Abstract:Multi-modal Large Language Models (MLLMs) are increasingly deployed in interactive applications. However, their safety vulnerabilities become pronounced in multi-turn multi-modal scenarios, where harmful intent can be gradually reconstructed across turns, and security protocols fade into oblivion as the conversation progresses. Existing Reinforcement Learning from Human Feedback (RLHF) alignment methods are largely developed for single-turn visual question-answer (VQA) task and often require costly manual preference annotations, limiting their effectiveness and scalability in dialogues. To address this challenge, we present InterSafe-V, an open-source multi-modal dialogue dataset containing 11,270 dialogues and 500 specially designed refusal VQA samples.
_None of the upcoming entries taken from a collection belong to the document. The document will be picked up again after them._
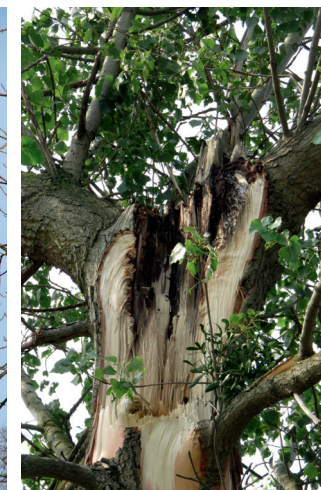
Bruch nach Kappung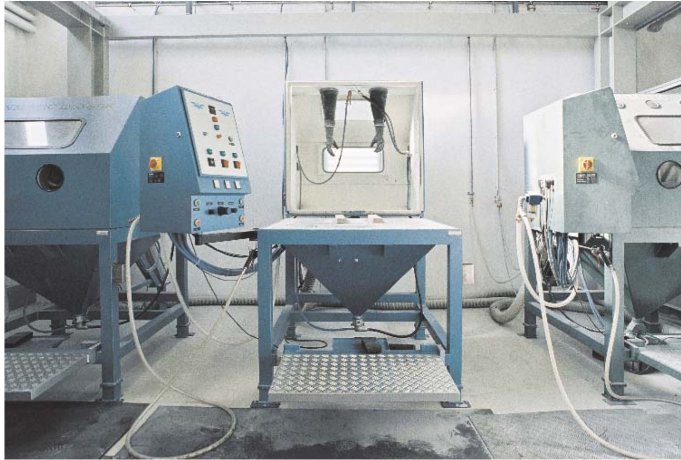
Bloß Gummiwände habe ich keine gesehen, in der Gummifabrik.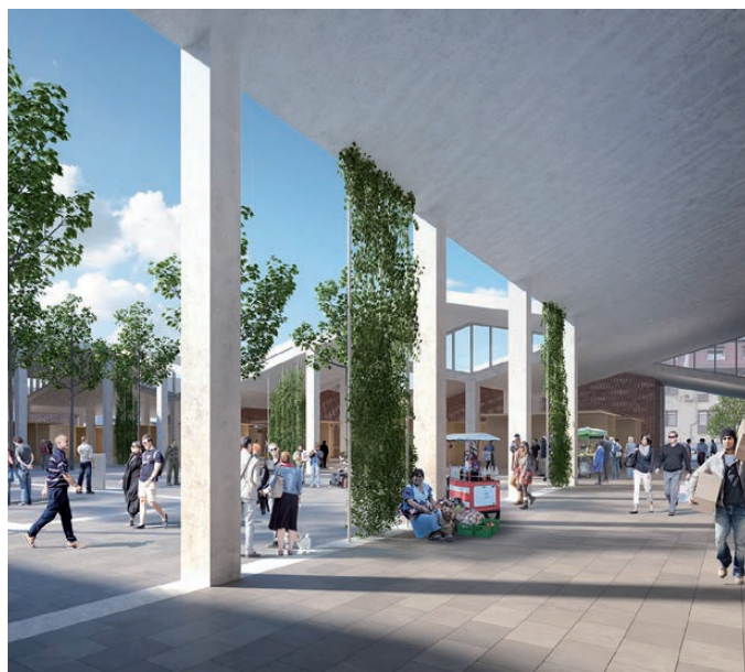
Az új vásárcsarnok belső terének látványterve

Látványosan halad az új vásárcsarnok építése. A lendő új vásártérben 18-30 darab üzlethelyiség kap helyet, amelyek közül a szélső üzletek esetében külső terület felé történő árusításra is lesz lehetőség. A térszervezés lehetővé teszi a vásárlók több irányú cirku-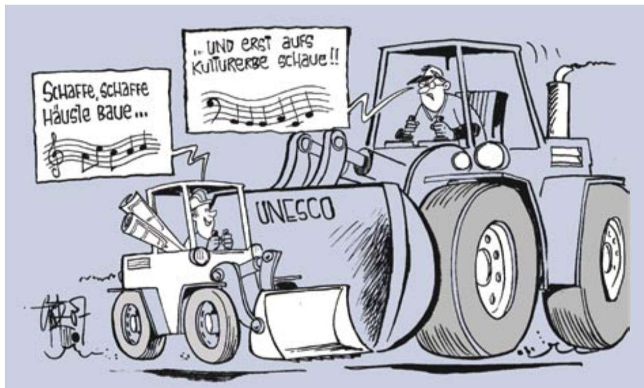
David gegen Goliath.

Auf der Welterbeliste der UNESCO sind 32 Stätten in Deutschland verzeichnet, die unter dem Schutz der Internationalen Konvention für das Kultur- und Naturerbe der Menschheit stehen. Mit der 1972 von der UNESCO verabschiedeten Konvention sollen Kultur- und Naturstätten, die einen „außergewöhnlichen universellen Wert“ besitzen, bewahrt werden. Um in die Liste des Welterbes aufgenommen zu werden, müssen Denkmäler die in der Konvention festgelegten Kriterien, wie „Einzigartigkeit“ und „Authentizität“ (bei Kulturstätten) oder „Integrität“ (bei Naturstätten) erfüllen.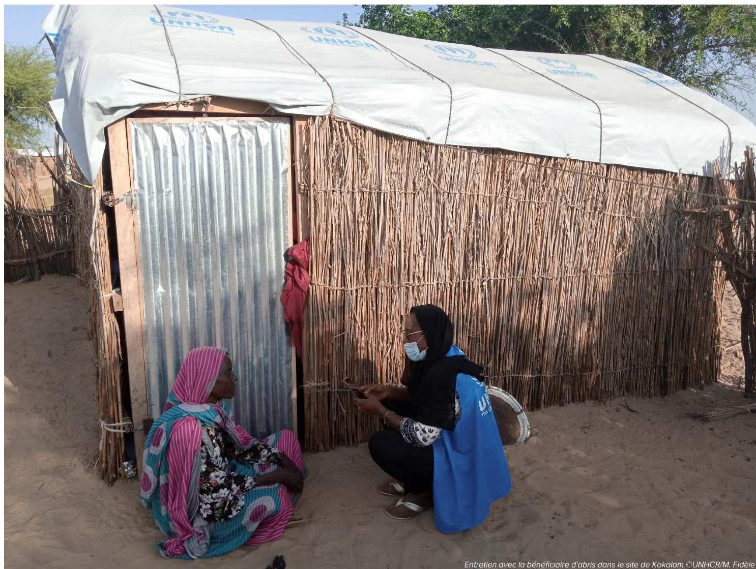
Entretien avec la bénéficiaire d'abris dans le site de Kokolom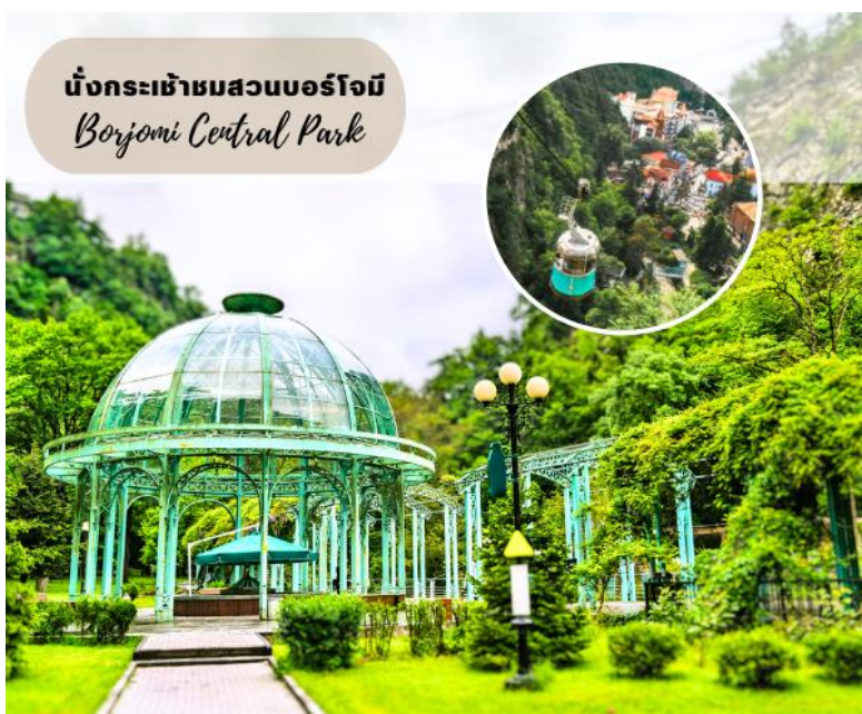
นั่งกระเช้าชมสวนบอร์โจมี Borjomi Central Park

ชม สวนบอร์โจมี (BORJOMI CITY PARK) สถานที่ท่องเที่ยวและพักผ่อนของชาวเมืองบอร์โจมีที่นิยมมาเดินเล่น และผ่อนคลายโดยการแช่น้ำแร่ในวันหยุด จากนั้นนำท่านนั่งกระเช้าสู่จุดชมวิวบนหน้าผาเหนือสวนบอร์โจมี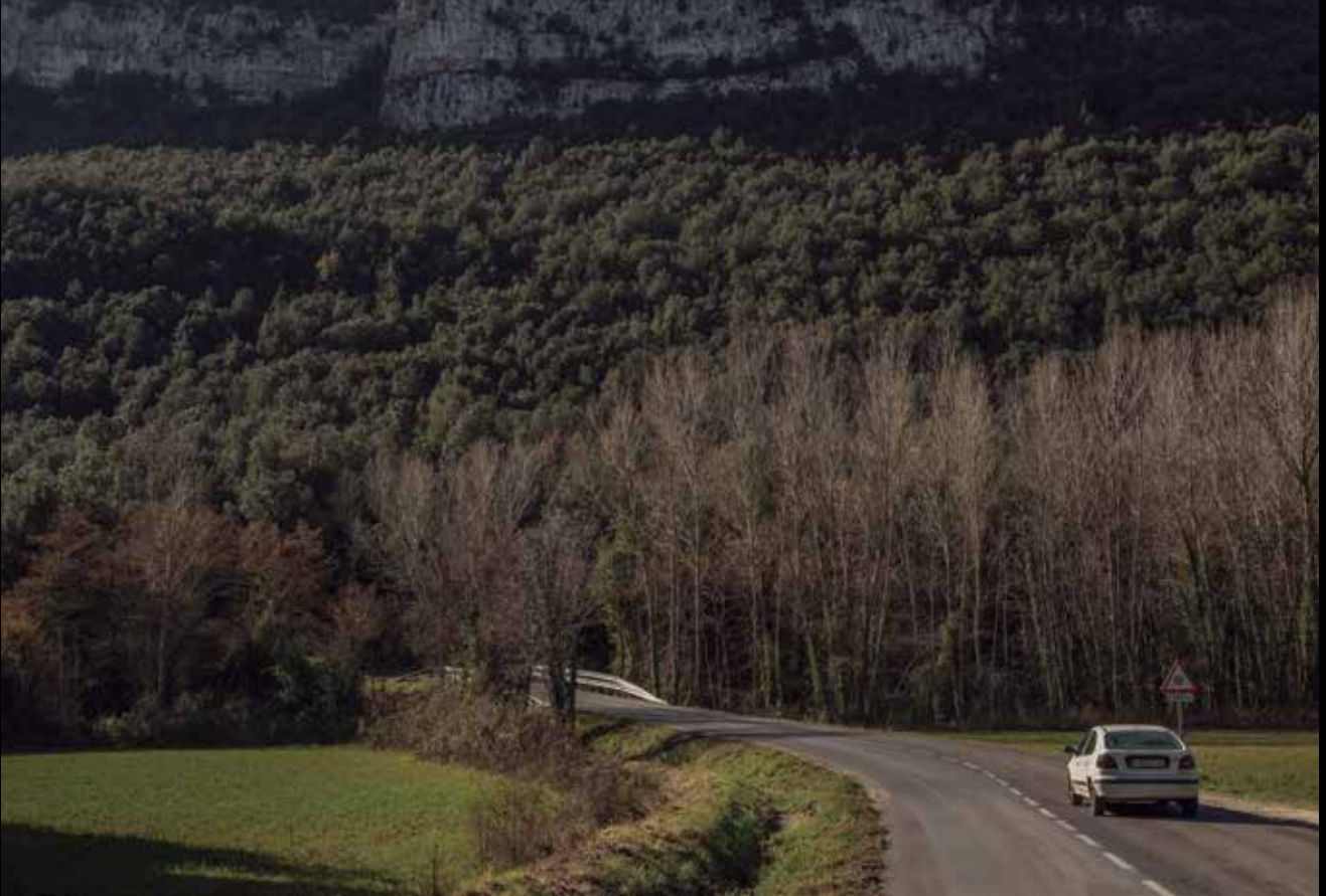
>> Carretera GI-531 al Pla de Sant Joan.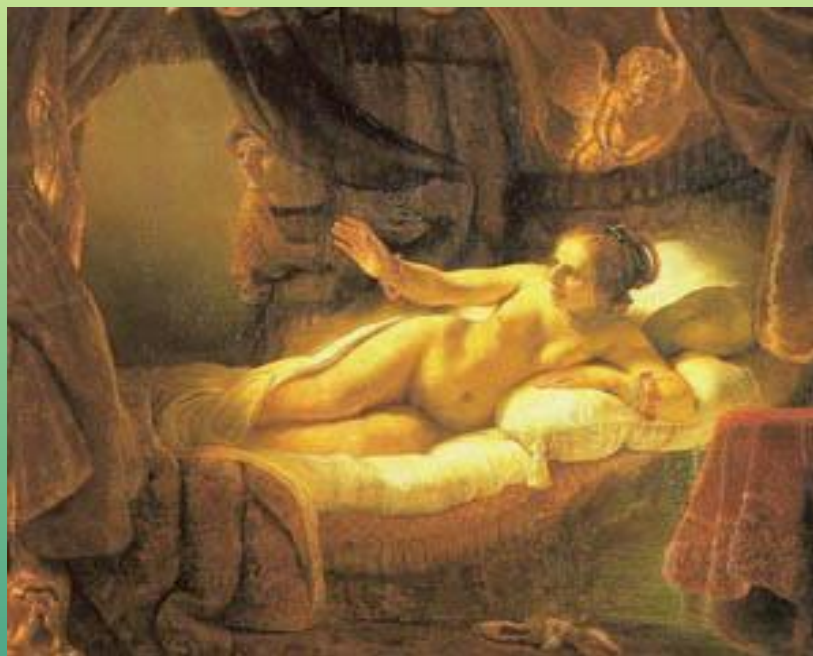
Даная. 1636 г.

Рембрандт ван Рейн (1606—1669). В Эрмитаже хранится двадцать шесть картин великого голландца

This dataset, constructed through interaction between several models, is designed to more accurately reflect real-world scenarios and includes specialized VQA pairs tailored for specific domains. Building on this dataset, we propose AM$^3$Safety, a framework that combines a cold-start refusal phase with Group Relative Policy Optimization (GRPO) fine-tuning using turn-aware dual-objective rewards across entire dialogues. Experiments on Qwen2.5-VL-7B-Instruct and LLaVA-NeXT-7B show more than 10\% decrease in Attack Success Rate (ASR) together with an increment of at least 8\% in harmless dimension and over 13\% in helpful dimension of MLLMs on multi-modal multi-turn safety benchmarks, while preserving their general abilities.